▶ PROBLEM STATEMENT
Leave out the pictures, and retype the remaining data exactly.

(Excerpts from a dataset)
-- Opening Marker --
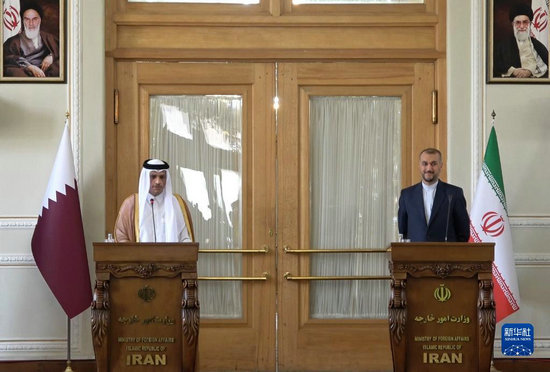 7月6日,在伊朗外長阿卜杜拉希揚(yáng)(右)在德黑蘭與到訪的卡塔爾副首相兼外交大臣穆罕默德舉行聯(lián)合記者會。新華社發(fā)(伊朗外交部供圖)
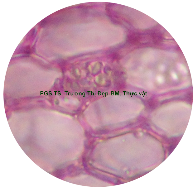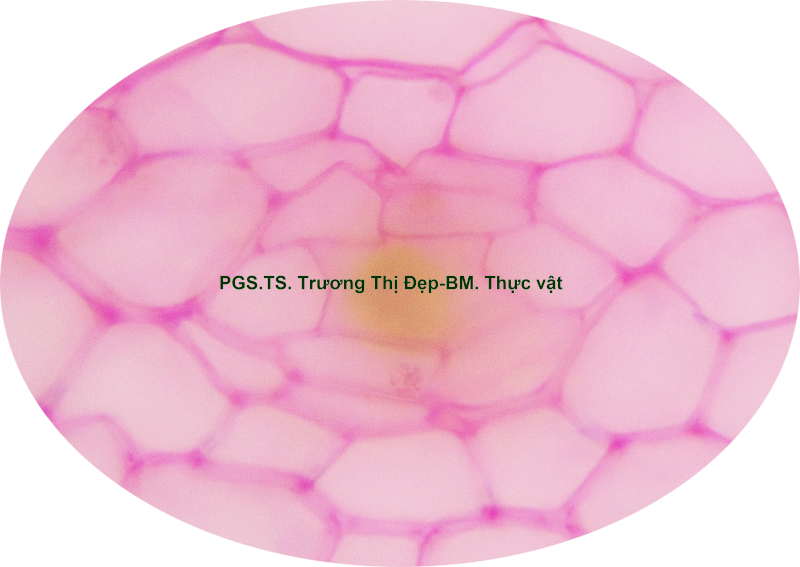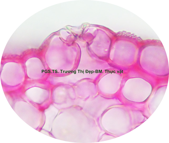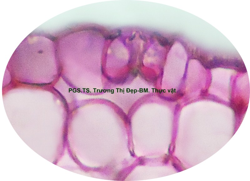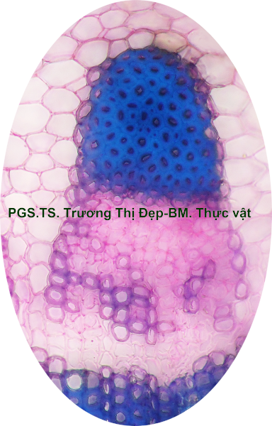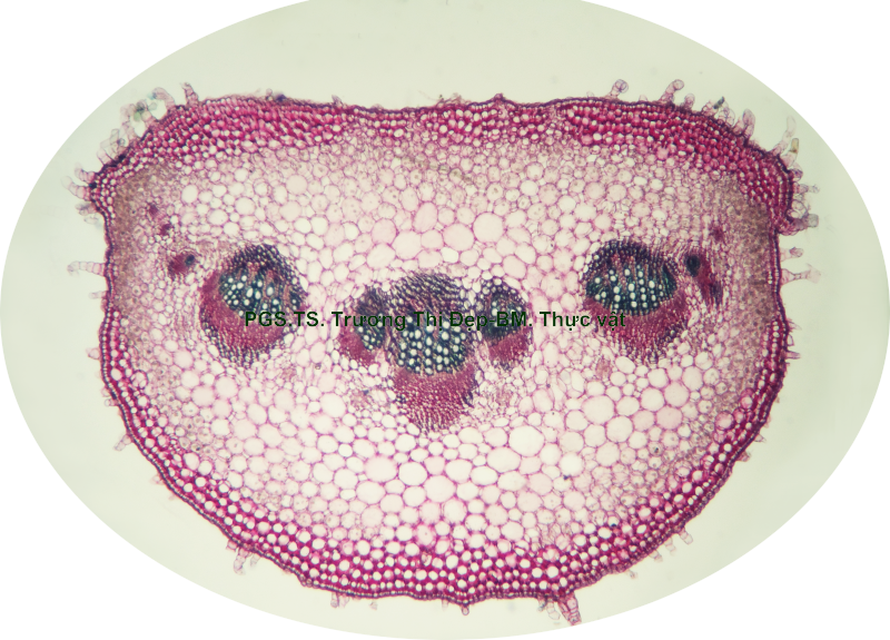 Vi phẫu mặt trên phẳng hoặc hơi lõm, cong lồi ở mặt dưới. Biểu bì tế bào hình vuông hay chữ nhật không đều, lớp cutin răng cưa. Ở cả hai biểu bì có lỗ khí, lông che chở đa bào và lông tiết đa bào như ở thân. Mô dày góc 1-4 lớp không liên tục dưới biểu bì trên, 1-3 lớp trên biểu bì dưới, tế bào đa giác, không đều. Mô mềm khuyết chứa lục lạp ở sát dưới mô dày trên và hai bên biểu bì dưới, 2-4 lớp tế bào nhỏ hình gần tròn, không đều, xếp chừa khuyết vừa. Mô mềm đạo tế bào đa giác hay gần tròn, to, không đều. Mô dẫn: gỗ trên libe, 5-7 bó chính gần như xếp trên một hàng ngang và 2-4 bó phụ nhỏ hơn ở 2 bên phía trên; libe tế bào nhỏ, hình đa giác, xếp lộn xộn thành từng đám xen kẽ các tế bào mô mềm đa giác vách dày cellulose. Mạch gỗ hình tròn hoặc đa giác gần tròn, mỗi bó lớn có 3-8 dãy gỗ, mỗi dãy 2-7 mạch không đều, xen kẽ với 1-2 dãy mô mềm. Mô dày góc 3-10 lớp tế bào hình đa giác dưới libe, hóa mô cứng dần; trên gỗ là 1-4 lớp tế bào mô cứng hình đa giác. Túi tiết ly bào thường ở cạnh bó libe gỗ.
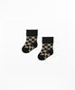 These jacquard socks are made of organic cotton knit, in Dark Grey color. Model with tile pattern.
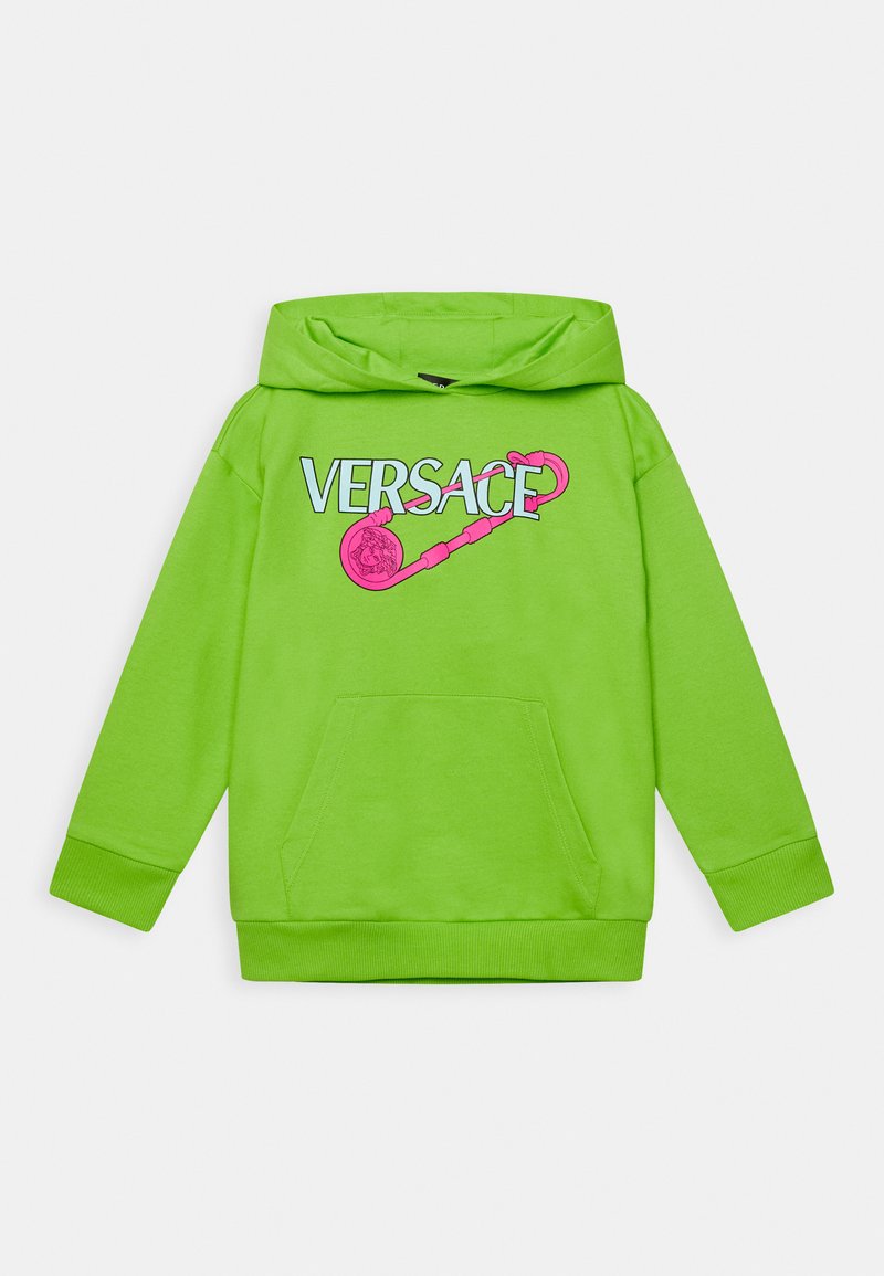 Stay cozy and stylish in this Versace Casual Women's Hoodie perfect for the Autumn/Winter season. In a beautiful shade of Green, this hoodie is the ideal addition to your wardrobe. The relaxed fit and soft material make it a must-have for chilly days. Elevate your casual look with this versatile and fashionable felpa con cappuccio.
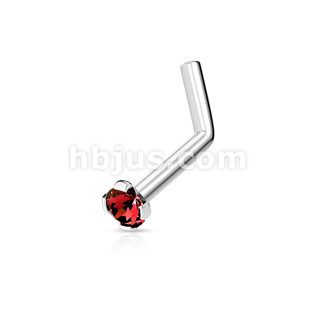 Round 2mm Prong Set CZ Top 316L Surgical Steel L Bend Nose Ring
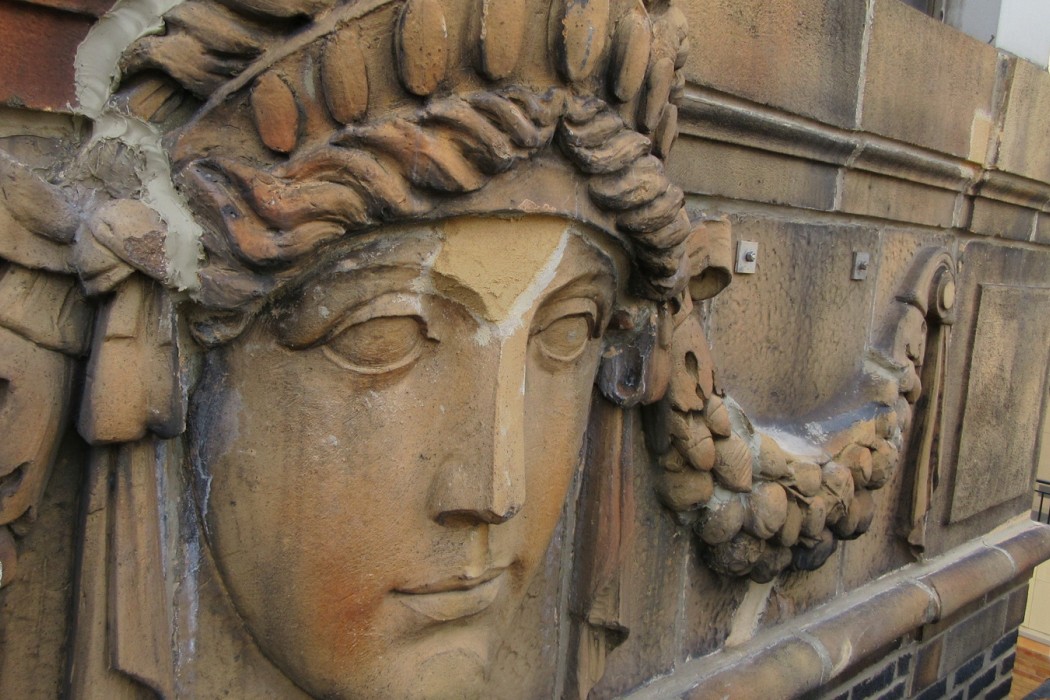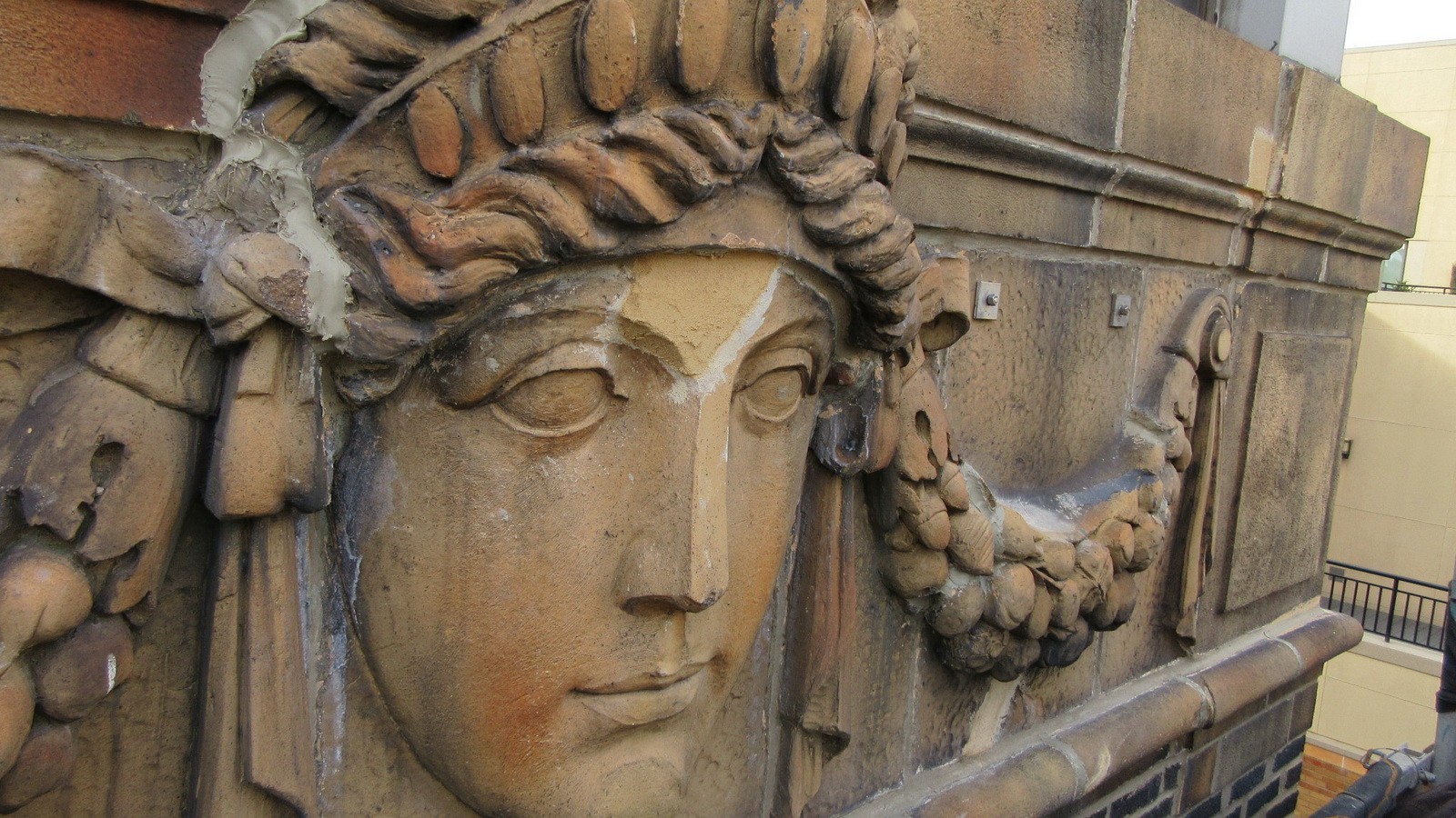 Constructed in two phases during the 1920s, the brick and terra cotta facade rises above a limestone-clad base. While most of the original architectural ornament remains intact, the terra cotta balconettes were significantly deteriorated from years of weathering and deferred repairs and maintenance. Some balconettes had been modified to accommodate through-wall HVAC sleeves, while others had been removed from the facade.
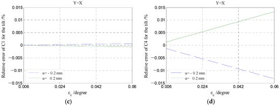 Relative error variations in the output capacitance of cylindrical electrodes under the different tilt angle εe: (a,c) The 1st quadrant; (b,d) the 4th quadrant.
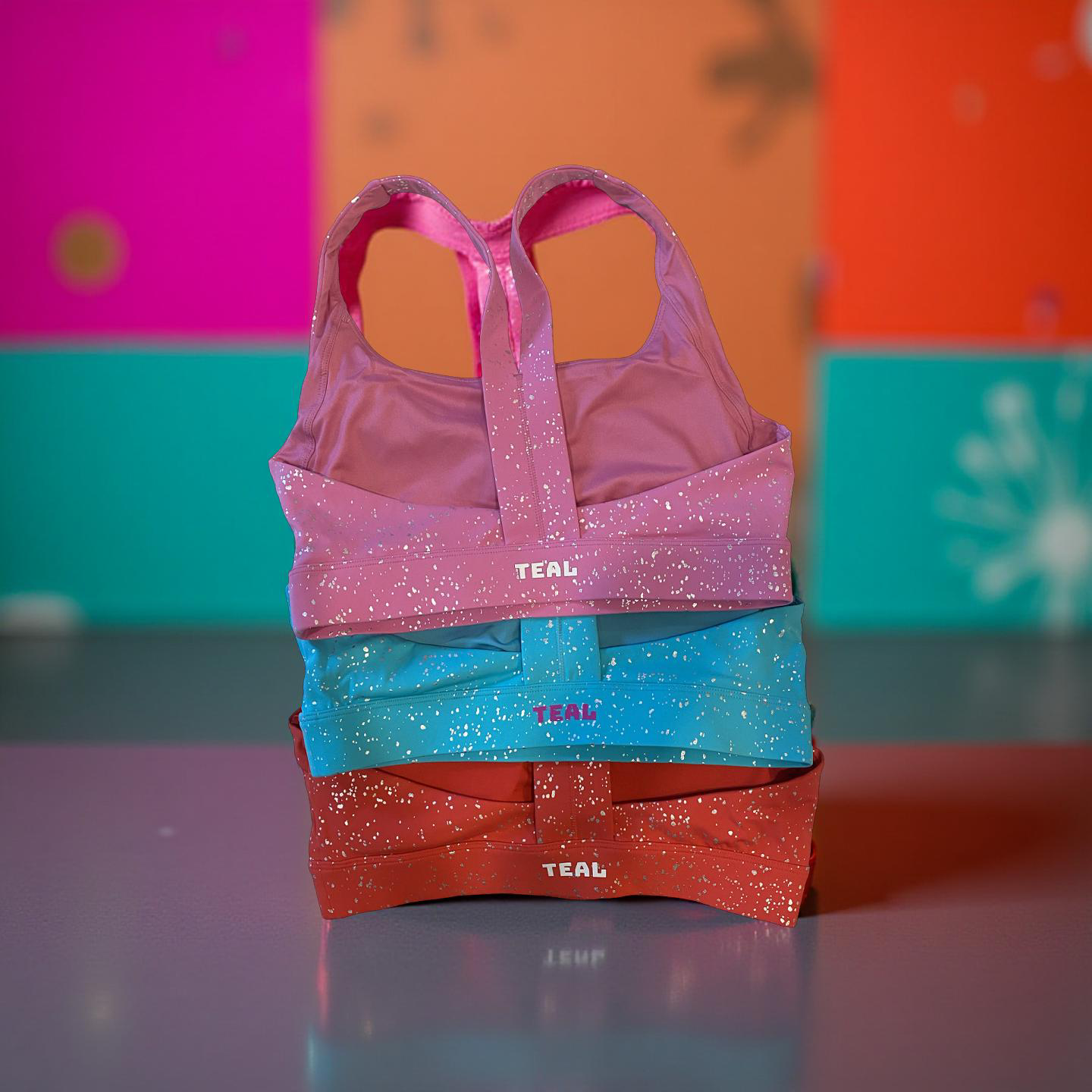 PowerLUXE from TEAL is High Energy Fabric is perfect for all activities! This medium / high support bra with custom designed built-in comfort that lets you wear it all day long! Oh yes, and it SPARKLES!!!
-- Closing Marker --
▶ EXERCISE RESPONSE
 7月6日,在伊朗外長阿卜杜拉希揚(yáng)(右)在德黑蘭與到訪的卡塔爾副首相兼外交大臣穆罕默德舉行聯(lián)合記者會。新華社發(fā)(伊朗外交部供圖)
 Vi phẫu mặt trên phẳng hoặc hơi lõm, cong lồi ở mặt dưới. Biểu bì tế bào hình vuông hay chữ nhật không đều, lớp cutin răng cưa. Ở cả hai biểu bì có lỗ khí, lông che chở đa bào và lông tiết đa bào như ở thân. Mô dày góc 1-4 lớp không liên tục dưới biểu bì trên, 1-3 lớp trên biểu bì dưới, tế bào đa giác, không đều. Mô mềm khuyết chứa lục lạp ở sát dưới mô dày trên và hai bên biểu bì dưới, 2-4 lớp tế bào nhỏ hình gần tròn, không đều, xếp chừa khuyết vừa. Mô mềm đạo tế bào đa giác hay gần tròn, to, không đều. Mô dẫn: gỗ trên libe, 5-7 bó chính gần như xếp trên một hàng ngang và 2-4 bó phụ nhỏ hơn ở 2 bên phía trên; libe tế bào nhỏ, hình đa giác, xếp lộn xộn thành từng đám xen kẽ các tế bào mô mềm đa giác vách dày cellulose. Mạch gỗ hình tròn hoặc đa giác gần tròn, mỗi bó lớn có 3-8 dãy gỗ, mỗi dãy 2-7 mạch không đều, xen kẽ với 1-2 dãy mô mềm. Mô dày góc 3-10 lớp tế bào hình đa giác dưới libe, hóa mô cứng dần; trên gỗ là 1-4 lớp tế bào mô cứng hình đa giác. Túi tiết ly bào thường ở cạnh bó libe gỗ.
 These jacquard socks are made of organic cotton knit, in Dark Grey color. Model with tile pattern.
 Stay cozy and stylish in this Versace Casual Women's Hoodie perfect for the Autumn/Winter season. In a beautiful shade of Green, this hoodie is the ideal addition to your wardrobe. The relaxed fit and soft material make it a must-have for chilly days. Elevate your casual look with this versatile and fashionable felpa con cappuccio.
 Round 2mm Prong Set CZ Top 316L Surgical Steel L Bend Nose Ring
 Constructed in two phases during the 1920s, the brick and terra cotta facade rises above a limestone-clad base. While most of the original architectural ornament remains intact, the terra cotta balconettes were significantly deteriorated from years of weathering and deferred repairs and maintenance. Some balconettes had been modified to accommodate through-wall HVAC sleeves, while others had been removed from the facade.
 Relative error variations in the output capacitance of cylindrical electrodes under the different tilt angle εe: (a,c) The 1st quadrant; (b,d) the 4th quadrant.
 PowerLUXE from TEAL is High Energy Fabric is perfect for all activities! This medium / high support bra with custom designed built-in comfort that lets you wear it all day long! Oh yes, and it SPARKLES!!!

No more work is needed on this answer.